Лоуфорд выдернул из планшета карту, задумался.
Идти через степь — нельзя.
Нужно держаться ближе к пресной воде, к пище.
Воды было много — целая Волга.
Лоуфорд припомнил, что говорил Черкизов: в дельте скрываются лояльные астраханские казаки, ушедшие с набора в Красную Армию, обиженные реквизицией рыбных промыслов, ведущие свою негромкую, злую войну против Советов.
У них есть лодки.
Если найти их, можно надеяться на то, что они помогут…
Лоуфорд еще раз посмотрел на обломки, вынул спички, подошел, — открыл кран бензопровода. Когда на землю хлынуло горючее, он бросил зажженную спичку и отступил.
Это нужно было сделать. Пусть красные, когда выйдут к аэроплану, думают, что он сгорел при падении.
Отойдя в сторону и глядя, как огонь с шумом гложет остатки машины, Лоуфорд угрюмо подумал: «Зачем я здесь?»
Впрочем, колебания и сомнения пришли к нему лишь на миг. Он знал, зачем он здесь, и не собирался сдаваться.
Маняша Усова проснулась оттого, что ветер звонко застучал по крыше дома, метнулся в щели. На лавке напротив в ряд спали сестры Щепкина: Дашка, близняшки; братан малый тоже сопел, важно раскинувшись. Дедуля понимал, что в доме нынче стало тесно, перебрался к дальним родственникам.
Возле печки сохли бинты, которыми фельдшер, приходя из лазарета каждый день, бинтовал Щепкина. Раз в три-дня являлся и военный врач.

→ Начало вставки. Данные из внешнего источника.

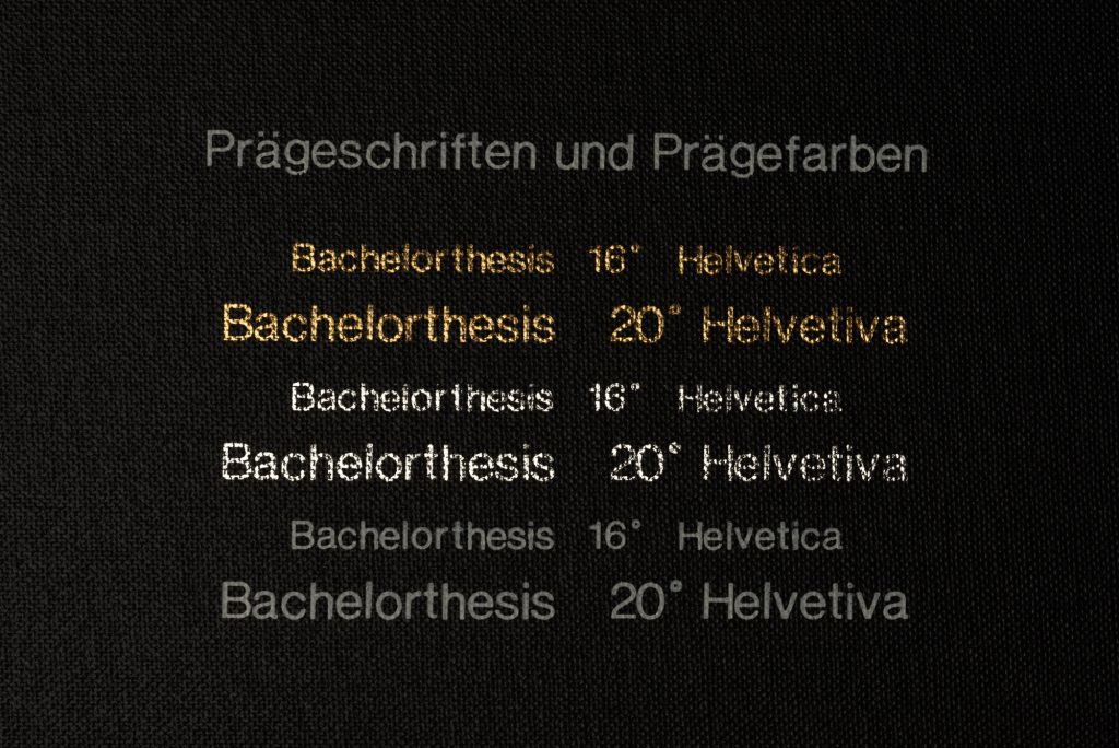Für den Deckel deiner Bachelorarbeit kannst du aus 4 unterschiedlich farbigen Leinen auswählen. Individuelle Prägemöglichkeiten runden dein persönliches Produkt ab.

В тот вечер, когда Даню убивали, Маняшу словно в сердце толкнуло — почуяла беду. Когда близко стрелять начали, выскочила из мазанки, добежала до костра, увидела, как по огороду, ругаясь, мечутся какие-то странные мужики. Закричала на них страшно, обмирая. Они кинулись, к ней, но ноги сами понесли ее вбок, выскочила на освещенную улицу, навстречу гремел трамвай с флотским патрулем, те уже неслись на стрельбу.

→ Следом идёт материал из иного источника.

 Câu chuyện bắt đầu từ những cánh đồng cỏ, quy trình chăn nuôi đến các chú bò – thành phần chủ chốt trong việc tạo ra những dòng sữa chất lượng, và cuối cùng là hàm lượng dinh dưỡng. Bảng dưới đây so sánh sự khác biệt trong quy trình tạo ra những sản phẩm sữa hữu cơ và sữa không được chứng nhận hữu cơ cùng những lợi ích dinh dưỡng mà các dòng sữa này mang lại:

Матросы, соскакивая, начали тут же палить для острастки в небо.
Может, это и спасло Щепкина. Закатился он, получив две пули в спину, в дальнюю борозду на огороде, там и лежал, подплывая кровью.
Флотские подобрали Даню, хотели в лазарет везти, но Маняша уцепилась в него, не отдерешь: «Не отдам!»

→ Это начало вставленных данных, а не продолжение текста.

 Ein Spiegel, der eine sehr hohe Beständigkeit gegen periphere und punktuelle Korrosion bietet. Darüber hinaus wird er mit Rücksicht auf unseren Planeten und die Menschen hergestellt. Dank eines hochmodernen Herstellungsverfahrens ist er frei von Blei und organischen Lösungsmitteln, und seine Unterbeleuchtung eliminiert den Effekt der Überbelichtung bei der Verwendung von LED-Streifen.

Флотские ругались, но Щепкина быстро донесли на руках до мазанки. Вскоре на «паккарде» чекист Молочков привез хирурга. Тот сказал, что хорошо, что Даню в госпиталь не потащили: от тряски мог помереть — крови потерял много. Хирург выгнал всех из мазанки, приказал запалить лампы. Народ поднялся, со всей слободы нанесли свечей, каганцов, ламп.
Хирург начал операцию. Маняша сидела во дворе, плакала, стараясь не смотреть, как из дому выносят тазы с кровавой водой.
К утру прибежала Дашка с малыми, села рядом, да так с той поры и осталась в мазанке. Вместе выхаживали Данечку.
Друг его, Леонид Леопольдович, тоже приходил каждый день, сидел молча рядом со Щепкиным, много курил, думал озабоченно и темно.
На третью неделю Даня, серый лицом, стал садиться в постели, попросил принести зеркало. Посмотрел на свое желтое, заросшее белесой щетиной лицо, попросил:
— Побрей меня!
Маняша начала брить его, да не выдержала, пустила слезу:
— И чего ты у меня такой невезучий? И горел, и болел, и простреленный, как решето.
Щепкин серьезно сказал:
— Еще повезло.
Дашка ему подала в миске ухи. Он похлебал, посмотрел на сестру, спросил:
— Ну что, Дашок! Берем эту каланчу в наше семейство?